== Problem to work on ==
Print the entries below exactly as they appear, from the first line up to and including the line with "Notes on ESSA, ELs, and Special". Do not print any pictures.

Saved data entries
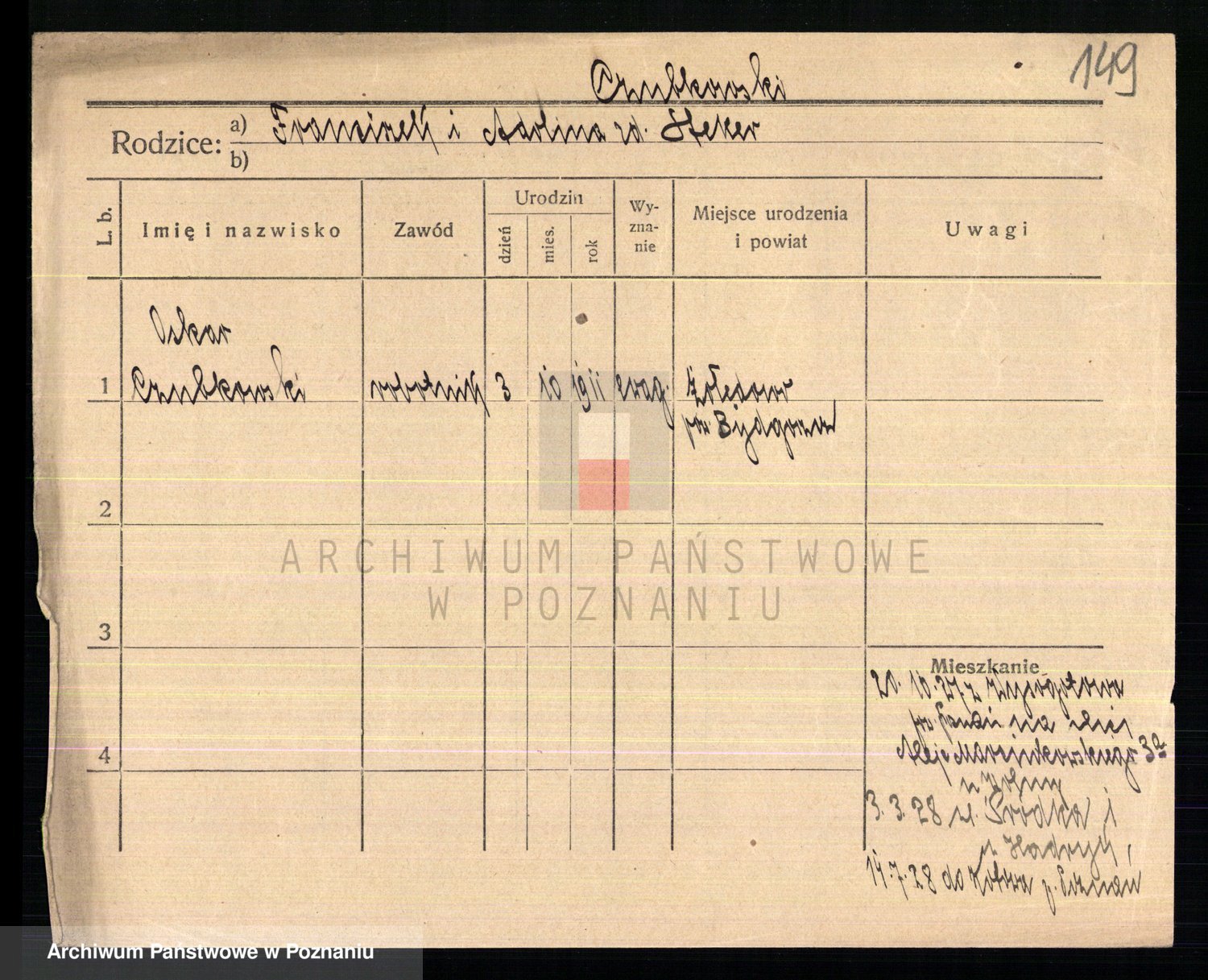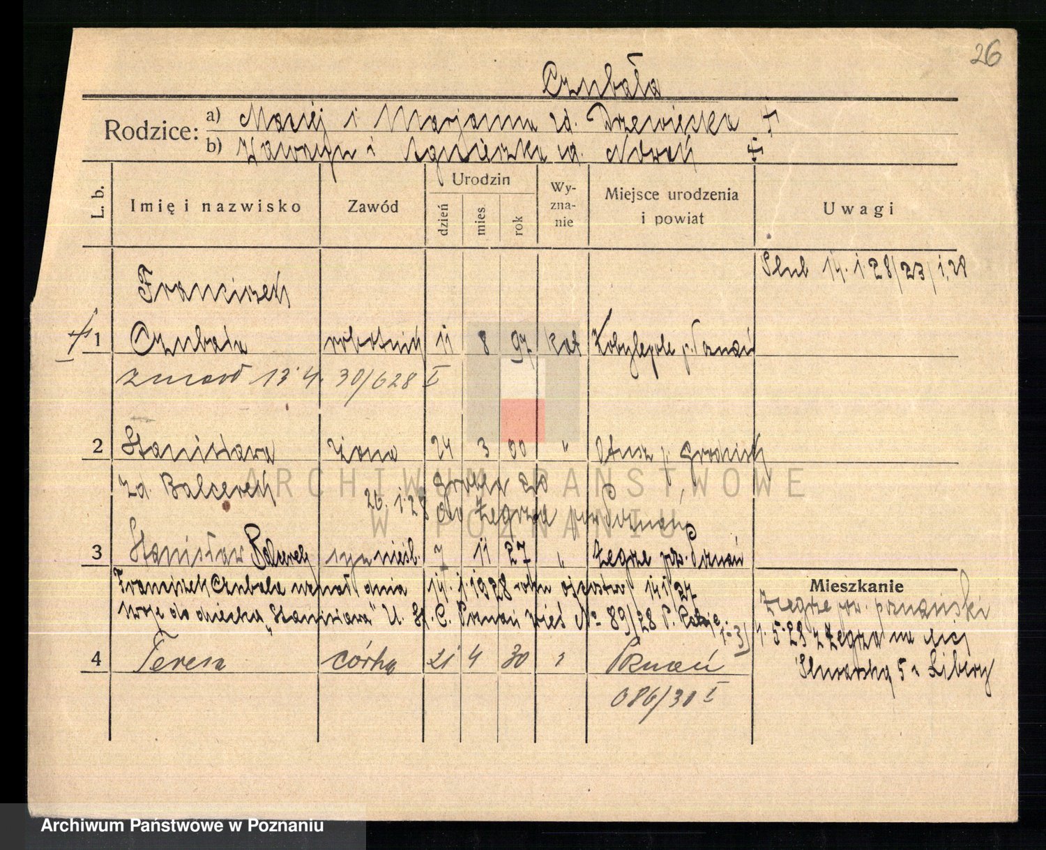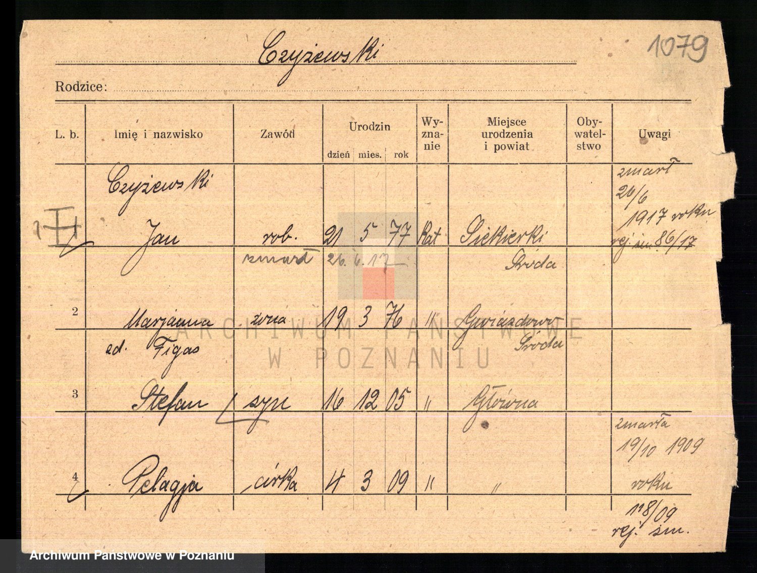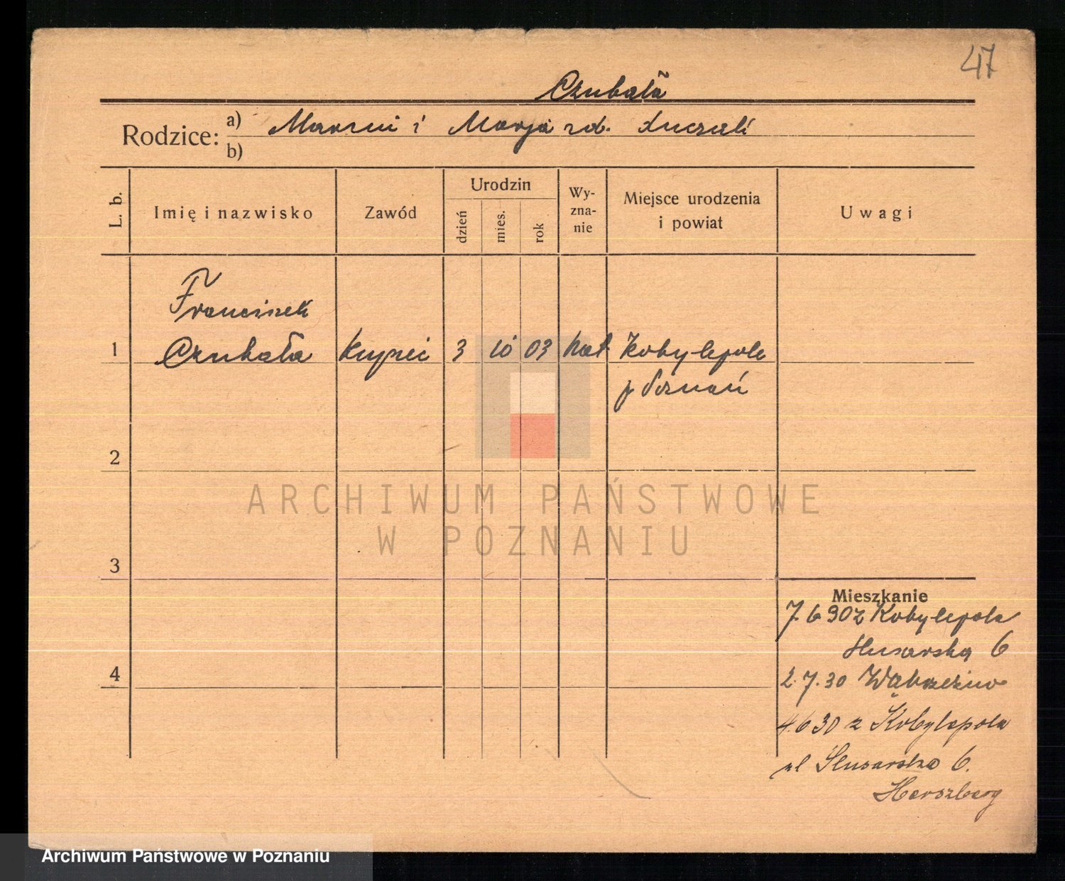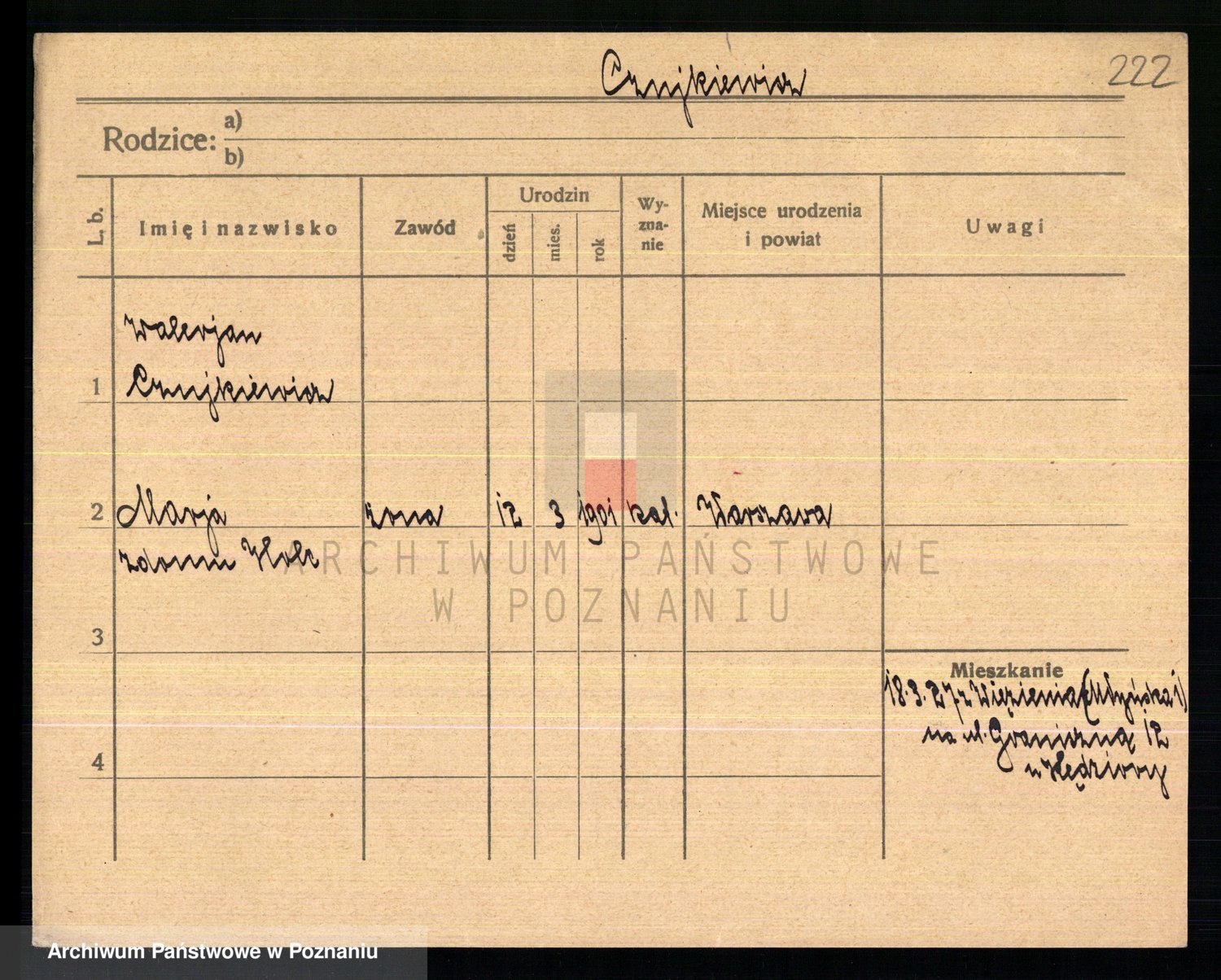 Podgląd karty osobowej dostępny jest po kliknięciu na nazwisko lub ikonkę karty. Można dokonywać powiększenia (ikony na górze) lub przechodzić między kolejnymi skanami (strzałki po bokach).
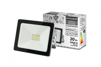 Прожектор светодиодный СДО-04-020Н 20 Вт, 3000 К, IP65, серый, Народный
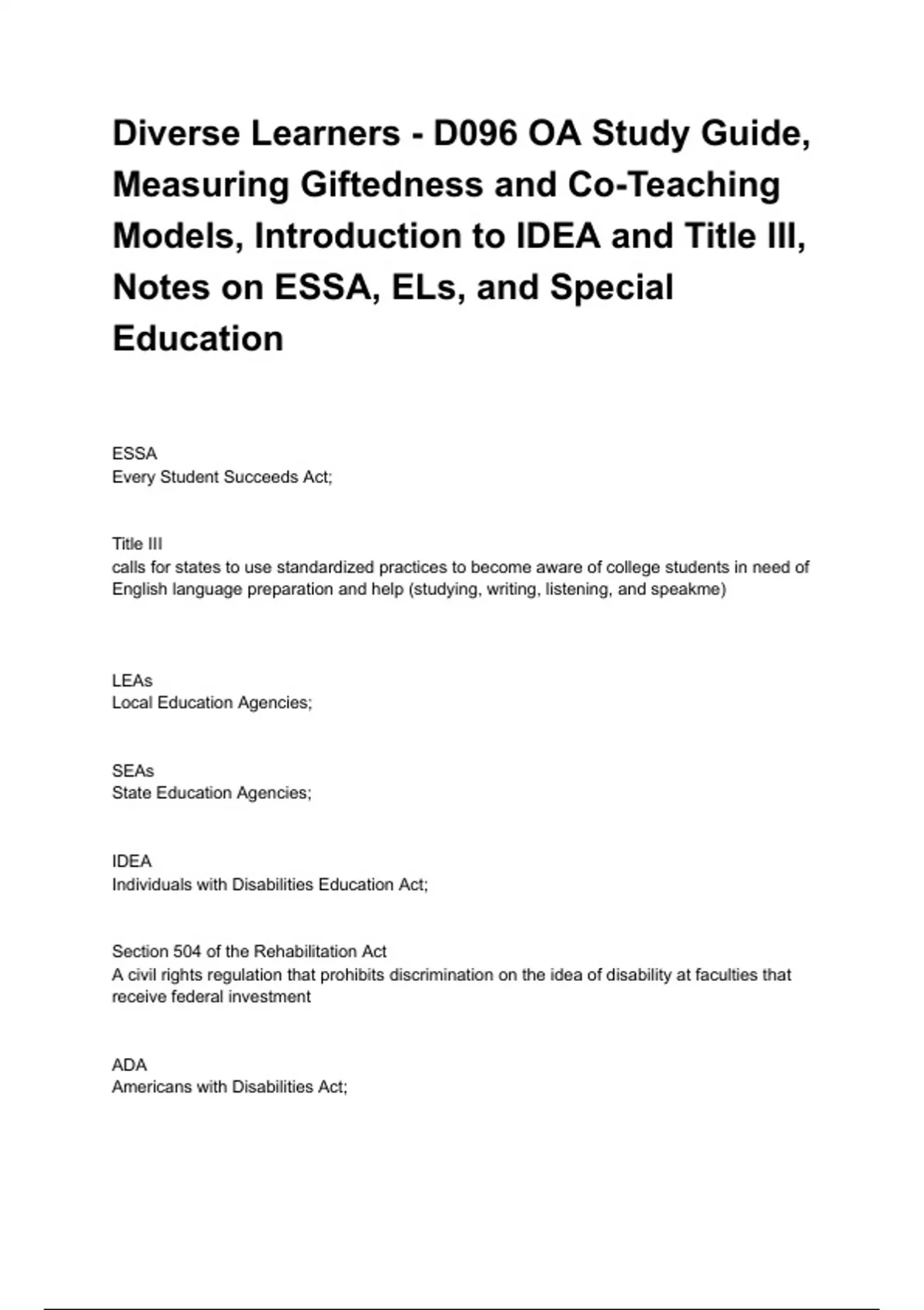 Notes on ESSA, ELs, and Special
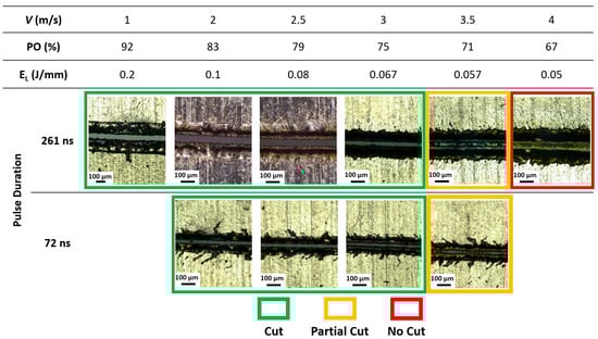 As the objective of the study was to achieve high cutting speeds with reliable quality, an initial round of testing was carried out to determine the maximum achievable cutting speed (Vmax) in a single-pass laser cutting process. Vmax is defined as the highest scanning speed at which a stable and continuous cutting kerf can be produced, without the presence of incomplete material separation. To investigate this, experiments were conducted using two different pulse durations: 72 nanoseconds (ns) and 261 ns. These durations represent short and long pulse regimes, respectively, which are known to have distinct pulse profiles and energy delivery characteristics with the material. The laser power was fixed at 200 W (the maximum output power of the laser system) to ensure that the full capacity of the system was utilized during these trials. The scanning speed was increased in increments of 500 mm/s until a threshold was reached, beyond which full material penetration and clean kerf formation could no longer be maintained. This stepwise approach enabled the precise identification of the Vmax for each pulse duration. It is important to note that pulse energy is a function of both laser power and pulse repetition frequency (PRF), as outlined in Equation (1). Therefore, to isolate the effect of scanning speed and avoid fluctuations in pulse energy, the PRF was kept constant at the base repetition rate (PRF0) for each respective pulse duration, 510 kHz for 72 ns and 200 kHz for 261 ns. This approach resulted in fixed pulse energies during the tests: 1.03 mJ for the 261 ns pulses and 0.41 mJ for the 72 ns pulses. Maintaining a constant pulse energy ensured that the observed changes in cutting performance could be attributed primarily to the variation in scanning speed, rather than confounding effects of varying energy per pulse. As shown in Figure 6, cut quality progressively deteriorates with increasing scanning speed in both cases. Continuous cuts with the absence of uncut bridges were achieved up to a maximum scanning speed of 3 m/s, beyond which the kerf quality transitioned into partial cuts (yellow borders) or no cuts (red borders). This establishes 3 m/s as the maximum achievable single-pass cutting speed for full cuts under these specific energy and pulse duration conditions.
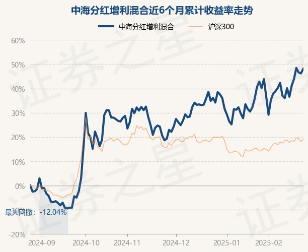 证券之星消息,2月26日,中海分红增利混合最新单位净值为0.7431元,累计净值为2.4911元,较前一交易日上涨1.31%。历史数据显示该基金近1个月上涨2.97%,近3个月上涨24.18%,近6个月上涨48.12%,近1年上涨37.2%。该基金近6个月的累计收益率走势如下图:
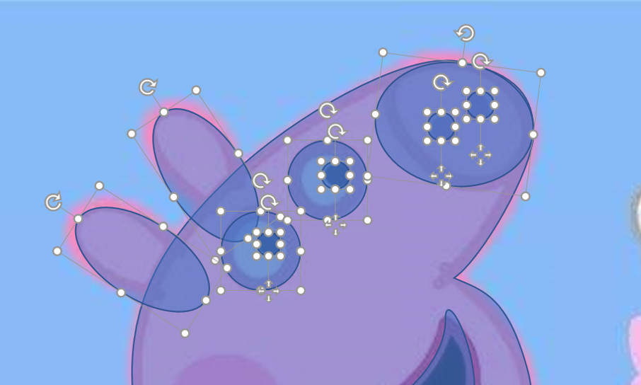 6)最后,你还要插入几个圆形跟椭圆,分别用来当做它的眼睛跟耳朵、鼻子:
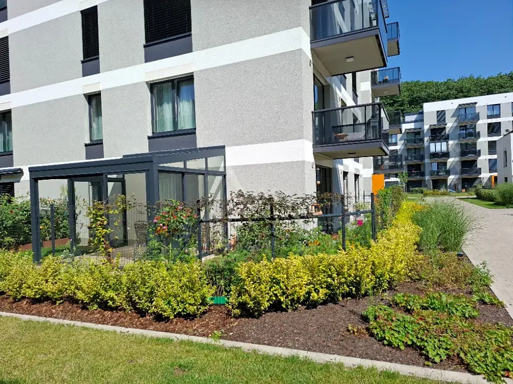 Na zahrádce, na kterou je i vlastní vstup přes vrátka do vnitrobloku, je vyměněná původní zemina za novou a kvalitní, částečně osázeno, květináče osázeny růžemi, které tvoří v létě květinovou bariéru s plotem sousední jednotky (jediný přímý soused).

== Completed exercise ==
 Podgląd karty osobowej dostępny jest po kliknięciu na nazwisko lub ikonkę karty. Można dokonywać powiększenia (ikony na górze) lub przechodzić między kolejnymi skanami (strzałki po bokach).
 Прожектор светодиодный СДО-04-020Н 20 Вт, 3000 К, IP65, серый, Народный
 Notes on ESSA, ELs, and Special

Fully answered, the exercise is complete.